Emoji

Recall that emoji are just Unicode characters, patterns of bits that humans have decided shall represent ideograms.

Whereas ASCII uses just one byte to represent each of its characters, Unicode uses as many as four. Each emoji is defined by its "code point," a number, often written in hexadecimal, that uniquely identifies it. For instance, the code point for "grinning face" is U+1F600, otherwise known as 0x1F600. 😀

It turns out you can programmatically generate emoji! Try compiling and running the below in CS50 IDE, wherein wchar_t represents a "wide character," which you can think of as a 4-byte character (or, really, number).

#include <locale.h>
#include <stdio.h>
#include <wchar.h>

int main(void)
{
    setlocale(LC_ALL, "");
    wchar_t pumpkin = 0x1F383;
    printf("%lc\n", pumpkin);
}

Boo! You should see a jack-o-lantern? 🎃

Answer the below in emoji.md.

Questions

  1. (1 point.) How many bytes are necessary to represent a jack-o-lantern in Unicode?

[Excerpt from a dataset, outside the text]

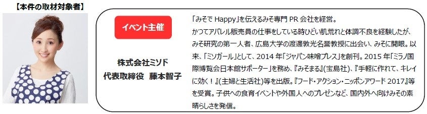 「みそでHappyを伝える」株式会社ミソド(本社:神奈川県横浜市、代表取締役:藤本智子)は、「夏バテ・熱中症」「体重増加」といった生活課題を「みそ汁」を通して解決するべく、専門医、管理栄養士、料理研究家監修のもと、冷たく美味しい「夏みそ汁」レシピを開発し、日本の食卓に提案する活動を行っています。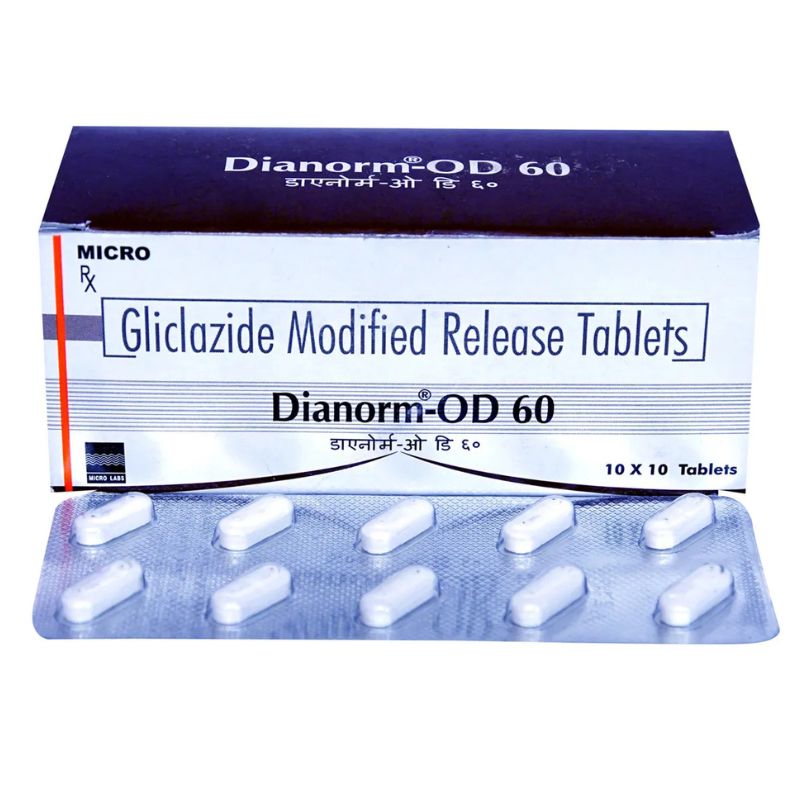 The term “OD” (Once Daily) and “MR” (Modified Release) means the tablet is designed to release the medicine slowly and evenly throughout the day, helping maintain stable blood sugar levels with a single daily dose. Regular use of Dianorm-OD 60 helps prevent diabetes-related complications such as nerve damage, kidney disease, blindness, heart attack, and stroke.

  2. (2 points.) Why can a jack-o-lantern not be represented in C with a char?

  3. (8 points.) Complete the implementation of get_emoji in such a way that it prompts the user for a string and returns its corresponding value as an emoji (aka wchar_t). If the user’s input is not formatted as U+ followed only by one or more hexadecimal digits, re-prompt the user with prompt just as, e.g., get_int does when its input is not actually an int. You’re welcome but not expected to use strtol, declared in stdlib.h, though keep in mind that strtol won’t recognize U+ as a prefix. Alternatively, keep in mind that a hexadecimal digit represents 4 bits and that hexadecimal values have a 1s place, a 16s place, a 256s place, and so on. Here’s a full emoji list with whose codes you can test your implementation, though keep in mind that some of Unicode’s newest emoji (e.g., "nauseated face") might not display in CS50 IDE, even if your code is correct.

    You can compile the emoji program below with:

    CFLAGS="$CFLAGS -Wno-format-security" make emoji
    #include <cs50.h>
    #include <ctype.h>
    #include <locale.h>
    #include <stdio.h>
    #include <stdlib.h>
    #include <string.h>
    #include <wchar.h>
    
    typedef wchar_t emoji;
    
    emoji get_emoji(string prompt);
    
    int main(void)
    {
        // Set locale according to environment variables
        setlocale(LC_ALL, "");
    
        // Prompt user for code point
        emoji c = get_emoji("Code point: ");
    
        // Print character
        printf("%lc\n", c);
    }
    
    emoji get_emoji(string prompt)
    {
        // TODO
    }

Debrief

  1. Which resources, if any, did you find helpful in answering this problem’s questions?

  2. About how long did you spend on this problem’s questions?